Fritzi unterstützt die soziale Arbeit der Einrichtung. Er und "Frauchen" Jale Claus machen eine Ausbildung für tiergestützte Pädagogik/Therapie.
Das Übergangswohnheim Walle ist eine Flüchtlingseinrichtung. Die dort lebenden Frauen waren auf oder nach der Flucht nach Bremen Opfer von Gewalt. "Sie haben Schlimmes erlebt und oft fällt es ihnen schwer, Vertrauen zu fassen", sagt Sozialpädagogin Jale Claus. "Ganz zu Beginn waren viele auch Fritzi gegenüber verhalten. Das ist wenig verwunderlich: In einigen Herkunftsländern sind Tiere Nutztiere - mit ihnen spielt man nicht im Haus oder geht mit ihnen Gassi." Behutsam hat Jale Claus Frauen und Kinder mit Fritzi in Kontakt gebracht - mit nennenswertem Erfolg.
Aktuell übt Jale Claus mit Fritzi einen konkreten Einsatz: "Manchen Frauen fällt es schwer, über ihre Gefühle zu sprechen. Dafür haben wir Bilder, auf denen Menschen mit Emotionen abgebildet sind, z. B. fröhlich, traurig oder nervös. Bisher haben die Frauen dann ein Bild ausgewählt, das Gespräch über das Gefühl kam aber schwer in Gang. Jetzt trainieren wir, dass Fritzi das Bild auf Wunsch der Frauen bringt. Die Stimmung ist gleich lockerer und wir kommen leichter in einen Austausch über das Motiv und die Emotion."
Auch in herausfordernden Situationen ist Fritzi eine Hilfe. "Während eines Gesprächs mit einer traumatisierten Frau hat diese dissoziiert", erinnert sich Jale Claus. "Das heißt, sie saß zwar auf dem Sofa, hat mich und den Raum aber nicht mehr bewusst wahrnehmen können.
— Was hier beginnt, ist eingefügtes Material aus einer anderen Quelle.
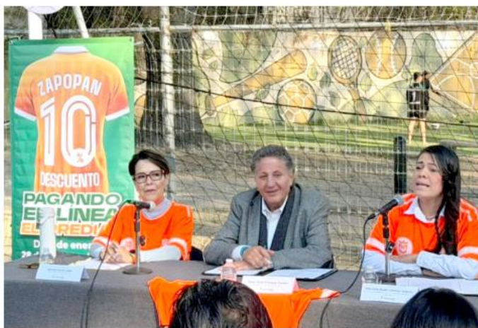
Zapopan superará por primera vez el presupuesto de Guadalajara.

"Está realizada para que la gente tenga garantía de que el pago de su impuesto se va a realizar de alguna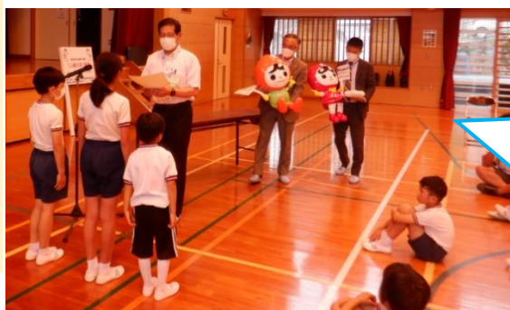
【5月19日(金) 人権の花運動開会式】

人権の大切さについてお話を聞きました。今回いただいた、人権の花である「ひまわり」をみんなで育てます。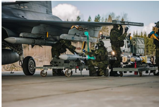
Klargöring på Skavsta, Nyköping

Fritzis Fell hat sie aber gestreichelt. Dass Fritzi für sie der Anker zum "hier und jetzt" war, hat auch mich in der Situation beruhigt."
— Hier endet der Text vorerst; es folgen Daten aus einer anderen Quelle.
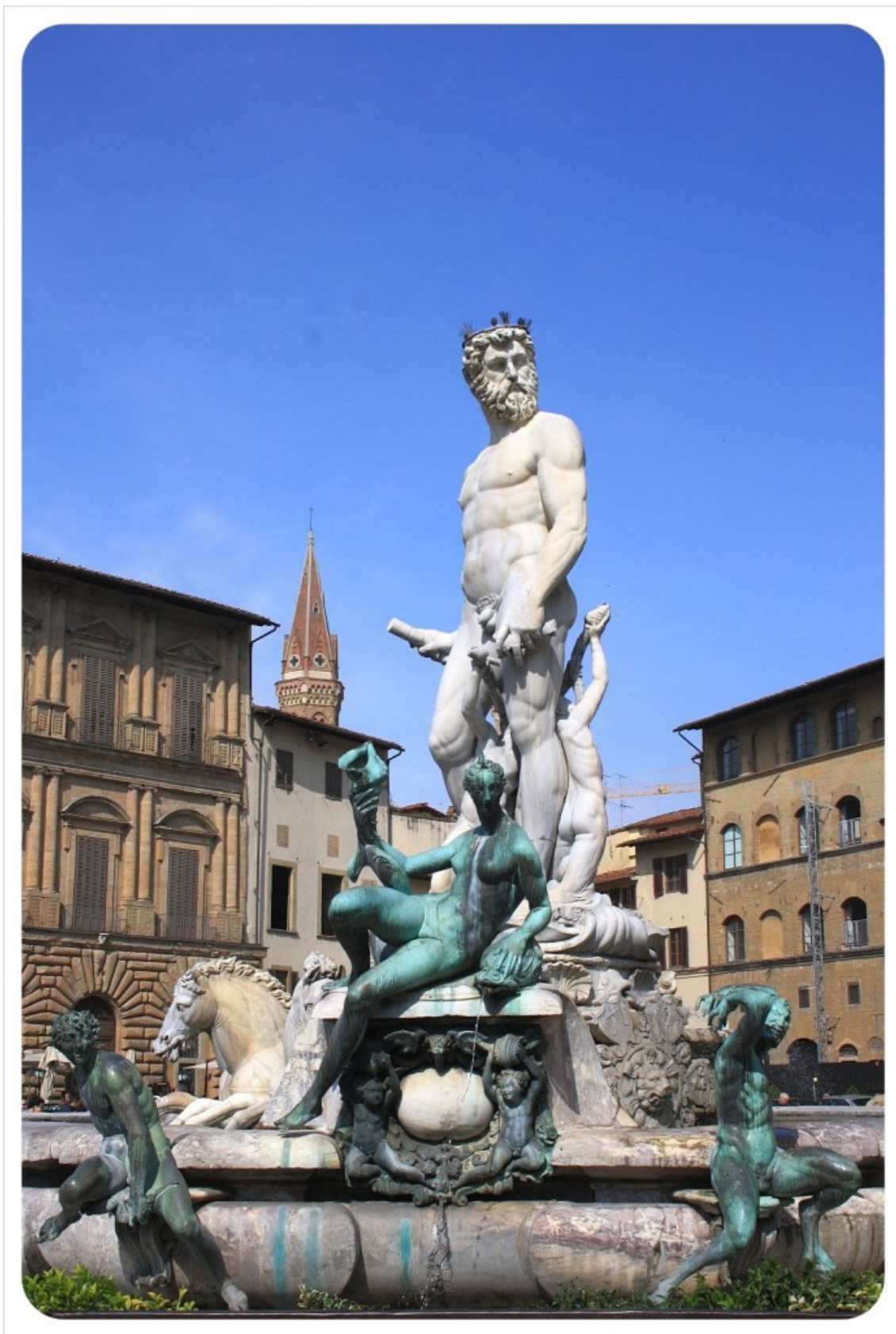
Рис. 4. Б. Амманати, фонтан Нептуна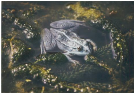
Groene kikker ( Rana esculenta ) (blauw door het ontbreken geel pigment)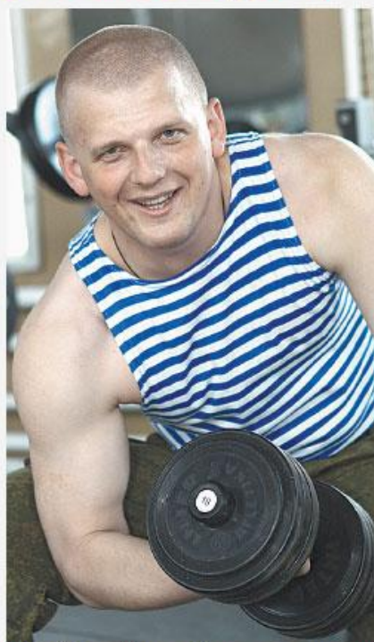
Российские Вооружённые силы наращивают мускулы.

*Минимальная сумма в месяц **С учётом выслуги лет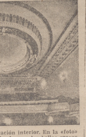
Detalle de la magnífica decoración interior. En la «foto» destaca la preciosa cúpula colgada, con las bellas grecas clásicas

El edificio cuenta con dos vestíbulos, uno en cada piso. Del inferior arranca la escalera—verdadero alarde constructivo, único en su género—, construido por membrana de hormigón armado, cubierto de mármol y adornada con rica balaustrada, volada de caoba. Esta escalera nos conduce al vestíbulo del piso principal, en el que se halla instalado el «buffet», elegantemente instalado y capaz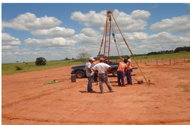
Figura 4 – Trabalhos de perfuração de poço para instalação de abastecedouro comunitário no Município de Santo Expedito/SP (2008)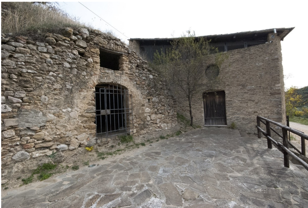
Figura 3 Chiesa di Sant'Antuono, Oppido Lucano.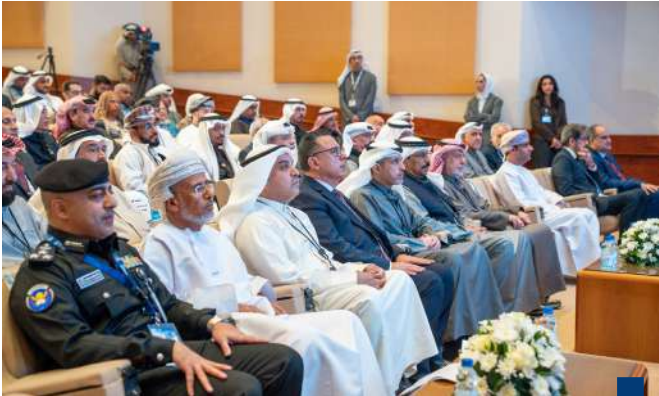
جانب من الحضور في ورشة العمل الإقليمية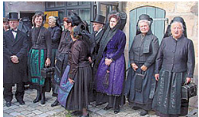
Festakt 1050 Jahre Roßtal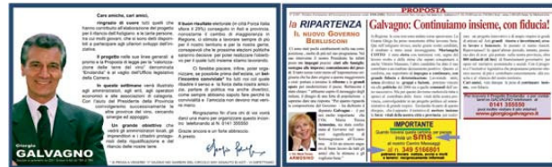
esempio di newsletter veicolata da PROPOSTA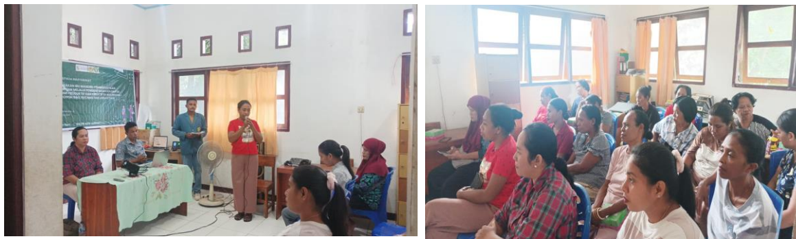
Gambar 1. Workshop Gerakan Ibu Mandiri

Berdasarkan tabel 1, seluruh indikator keberhasilan yang ditetapkan dalam rencana kegiatan berhasil dicapai, bahkan pada dua indikator utama capaiannya melampaui target awal. Rencana pengabdian menargetkan terbentuknya satu KEPK sebagai indikator keberhasilan awal (minimal 80% peserta terdorong membentuk kelompok), namun dalam implementasi terbentuk dua KEPK yang disepakati bersama dan ditandai dengan pembacaan serta penandatanganan Berita Acara Pembentukan Kelompok yang difasilitasi oleh Pemerintah Kelurahan Pohon Bao. Demikian pula pada indikator literasi digital, target satu akun media sosial terlampaui dengan terbentuknya dua akun Instagram aktif atas nama Ibu Mandiri Pohon Bao dan Ibu Cerdas Ceria . Hasil ini menunjukkan bahwa tingkat penerimaan dan motivasi peserta melebihi ekspektasi awal program, dan menjadi bukti awal terbangunnya collective agency dalam konteks pemberdayaan perempuan berbasis komunitas.

"Fritzis Einsätze sind unterschiedlich", so die Sozialpädagogin. "Hier leben einige Frauen mit einer Depression. Sie sind mitunter schwer zu motivieren, etwas zu unternehmen. Ein Spaziergang mit Fritzi an der Leine ist offenbar ein Lockmittel. Und wir merken, dass den Frauen die Aktivität guttut. Und auch die Kinder freuen sich natürlich. Ein Junge studiert mit Fritzi Tricks ein. Für ihn ist es aufgrund seiner Biografie sehr wichtig, ein positives Beziehungserlebnis zu haben."
Jale Claus hatte immer schon einen guten Draht zu Hunden. Im Studium "Soziale Arbeit" an der katholischen Hochschule Münster belegte sie Kurse zum Thema Tiertherapie. Ihr damaliger Hund wäre allerdings für die Ausbildung zu alt gewesen. Nach seinem Tod hat sie über eine Tierschutzorganisation Fritzi kennengelernt, sich sofort verliebt und ihn adoptiert. "Da er so zugewandt und freundlich ist, dachte ich: Die Therapieausbildung passt zu uns." Mensch-Tier-Kommunikation, Verständnis über helfende und heilende Wirkung, über physische, soziale und psychische Effekte von Tieren auf Menschen und Methoden zur Umsetzung. All das lernen die beiden in einer sehr praxisnahen Ausbildung an der Steinfurter Akademie für Tiergestützte Therapie.
Fritzi ist Teilzeitkraft: Zweimal wöchentlich ist er im Übergangswohnheim Walle im Einsatz - an den anderen Tagen darf er bei Herrchen im Büro faulenzen. "Wenn wir hier einen Krisenfall haben, kann Fritzi nicht bleiben. Dann ist es für uns und auch für ihn besser, wenn mein Freund ihn abholt."
Die Sozialbehörde hat ihr Einverständnis für Fritzis Einsatz im Übergangswohnheim Walle gegeben. Voraussetzung für die insgesamt anderthalbjährige Ausbildung "Tiergestützte Therapie" war ein Wesenstest für den Hund. "In der Ausbildung sind wir übrigens das einzige Therapiehund-Team in der sozialen Arbeit", sagt Jale Claus. "Die anderen sind im Bereich Ergotherapie oder Logopädie tätig. Ich fände gut, wenn mehr Menschen erfahren, wie sinnvoll der Einsatz von Tieren in unserem Arbeitsbereich ist."